Think Step by Step: Chain-of-Gesture Prompting for Error Detection in Robotic Surgical Videos
Zhimin Shao, Jialang Xu, Danail Stoyanov, Evangelos B. Mazomenos, Yueming Jin
TL;DR
This work tackles real-time surgical error detection in RMIS by eliminating the need for gesture segmentation and introducing an end-to-end Chain-of-Gesture prompting framework. It combines Gestural-Visual Reasoning (GVR), which injects gesture-context via prompts and visual embeddings, with Multi-Scale Temporal Reasoning (MSTR) that processes slow and fast temporal dynamics through MS-TCN pathways and a prediction-consistency objective. On the JIGSAWS benchmark, the approach achieves notable improvements in frame-level and window-level metrics (around 4–6% relative gains) while maintaining fast per-frame processing (~6.69 ms/frame), demonstrating the value of contextual and temporal multi-scale reasoning for surgical error detection. The method operates without gesture annotations during training, highlighting potential for safer RMIS and enhanced surgical education, with future directions toward semantic error-type detection and remediation guidance.
Abstract
Despite significant advancements in robotic systems and surgical data science, ensuring safe and optimal execution in robot-assisted minimally invasive surgery (RMIS) remains a complex challenge.
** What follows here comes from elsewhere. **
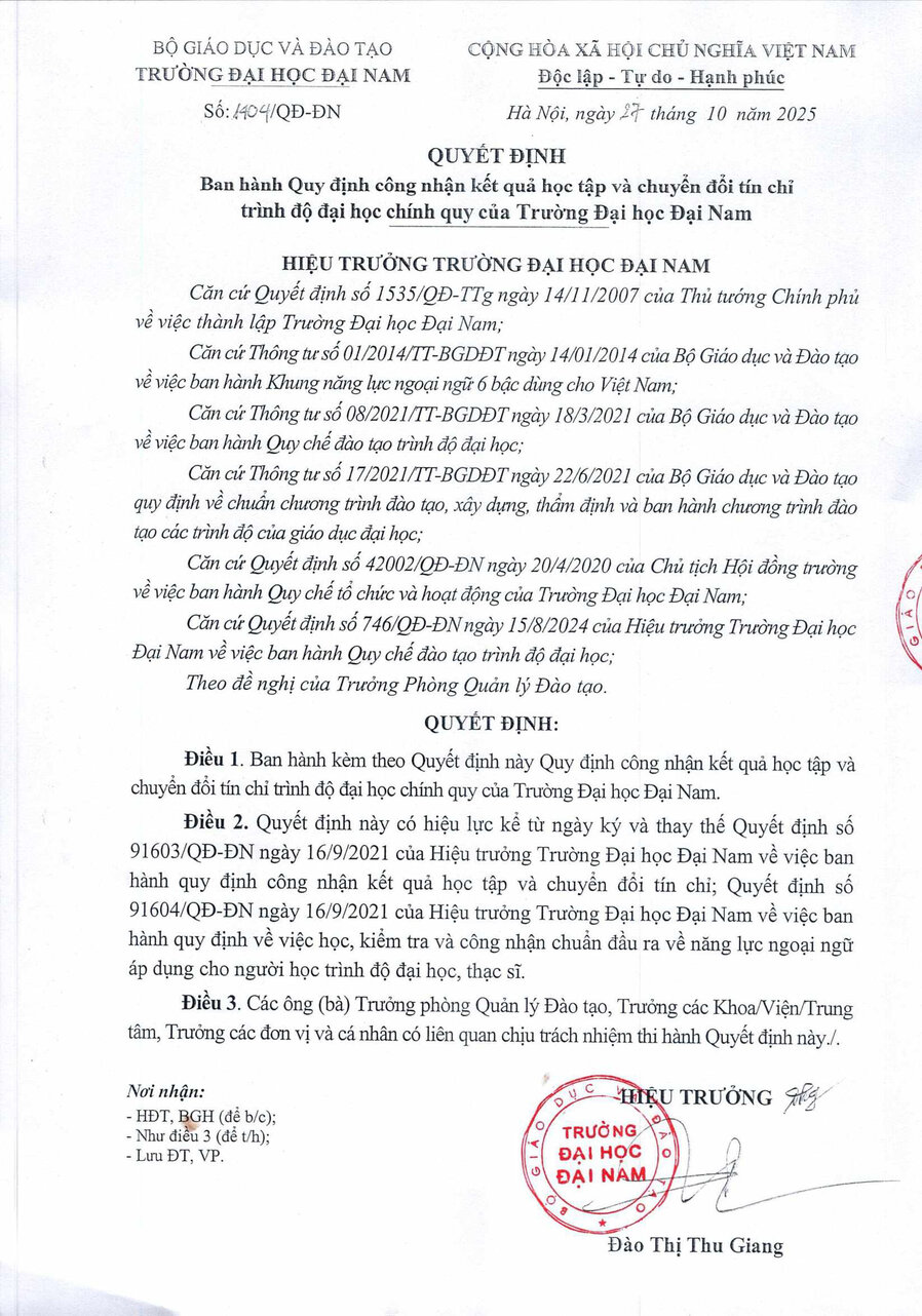 Decision No. 1404/QD-DN on promulgating the Regulations on recognition of learning outcomes and credit conversion of regular university degrees of Dai Nam University.

Current surgical error detection methods involve two parts: identifying surgical gestures and then detecting errors within each gesture clip. These methods seldom consider the rich contextual and semantic information inherent in surgical videos, limiting their performance due to reliance on accurate gesture identification. Motivated by the chain-of-thought prompting in natural language processing, this letter presents a novel and real-time end-to-end error detection framework, Chain-of-Thought (COG) prompting, leveraging contextual information from surgical videos. This encompasses two reasoning modules designed to mimic the decision-making processes of expert surgeons. Concretely, we first design a Gestural-Visual Reasoning module, which utilizes transformer and attention architectures for gesture prompting, while the second, a Multi-Scale Temporal Reasoning module, employs a multi-stage temporal convolutional network with both slow and fast paths for temporal information extraction. We extensively validate our method on the public benchmark RMIS dataset JIGSAWS. Our method encapsulates the reasoning processes inherent to surgical activities enabling it to outperform the state-of-the-art by 4.6% in F1 score, 4.6% in Accuracy, and 5.9% in Jaccard index while processing each frame in 6.69 milliseconds on average, demonstrating the great potential of our approach in enhancing the safety and efficacy of RMIS procedures and surgical education. The code will be available.